HIER in Rückholpuffer pH 9 wird als Standard-HIER durchgeführt, mit der Ausnahme, dass Rückholpuffer mit pH 9 (Lab Vision, Freemont, CA, USA) anstelle von Rückholpuffer mit pH 6 verwendet wird.

 

Immunhistochemisches Färbeprogramm

Färbeprogramm Autostainer 480

(ThermoFisher Scientific, Waltham, MA, USA)

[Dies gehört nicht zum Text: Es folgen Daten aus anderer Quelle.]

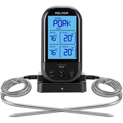 Bezdrátový teploměr se sondou, využijete při pečení, grilování, uzení, vaření ve vodě, vaření v pomalém hrnci. Přednastavené doporučení propečení těchto druhů masa: hovězí,...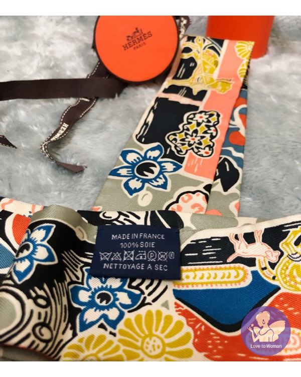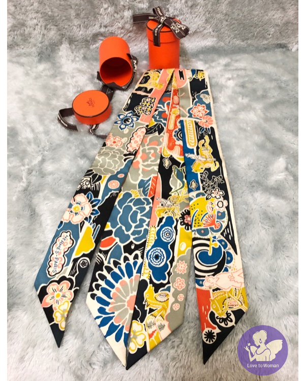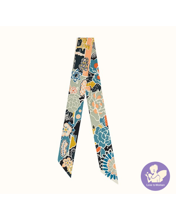 Hermès 愛馬仕 Twilly 絲巾2021秋冬新款Bingata twilly 紅型染 日式風 花卉Vert Noir/Saumon/Moutarde兩條 一對全新✨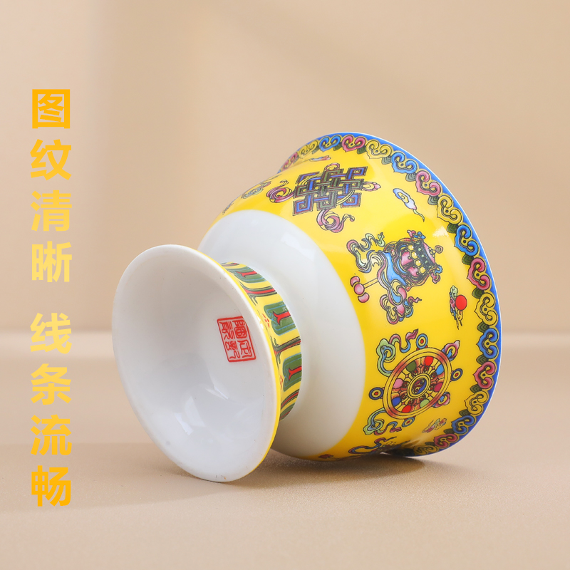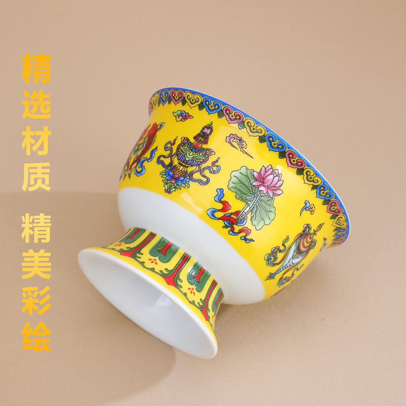 藏式供水杯陶瓷彩绘八吉祥供佛杯家用佛前供奉碗净水杯佛堂七供碗

Alle Inkubationen werden bei Raumtemperatur durchgeführt.
Alle Reagenzien werden mit einem Volumen von 300 µl pro Objektträger aufgetragen.

1. Spülen in Waschpuffer.
2. Inkubation mit Ultra V Block für 5 min.
3. Spülen in Waschpuffer (x2).
4. Inkubation mit Primärantikörper für 30 min.
5. Spülen in Waschpuffer (x3).
6. Inkubation mit primärem Antikörper Enhancer für 20 min.*
7. Spülen in Waschpuffer (x2).
8. Inkubation mit markiertem Polymer für 30 Min.*
9. Spülen in Waschpuffer (x2).
10. Entwickeln in DAB-Lösung für 5 min.
11. Spülen in destilliertem Wasser.
12. Gegenfärbung in Hämatoxylin für 5 min.**
13. Spülen in Leitungswasser für 5 Min. **
14. Spülen in Li2CO3-Wasser, 1:5 verdünnt aus gesättigter Lösung für 1 Min.**
15. 5 Min. lang in Leitungswasser spülen*.
16. Dehydrierung in abgestuftem Ethanol und Xylol**
17. Mit Deckglas abdecken.

* Bei polyklonalen Antikörpern die Schritte 6 und 7 außer Acht lassen.
** Die Schritte 14 -16 werden mit einem Histofärbungsgerät (Leica Autostainer XL) durchgeführt.

 

Reagenzien

Für die Immunhistochemie sind die folgenden Reagenzien von Thermo Fischer Scientific, Waltham, MA, USA, im Handel erhältlich:

Waschpuffer (10x Konzentrat). Arbeitslösung enthält ursprünglich 0,05% (v/v) Tween 20. Extra Tween 20 wird bis zu einer Endkonzentration von 0,20% zugegeben.
Retrieval-Lösung: Zitratpuffer®, pH 6.
Antikörper-Verdünnungsmittel.
UltraVision LP HRP-Polymer®, Primärer Antikörper
Enhancer (nur für monoklonale Antikörper), Ultra V Block und DAB Quanto Chromogen- und Substratsystem®. Darüber hinaus werden Mayer's Hämatoxylin und Xylol (Histolab, Göteborg, Schweden) verwendet.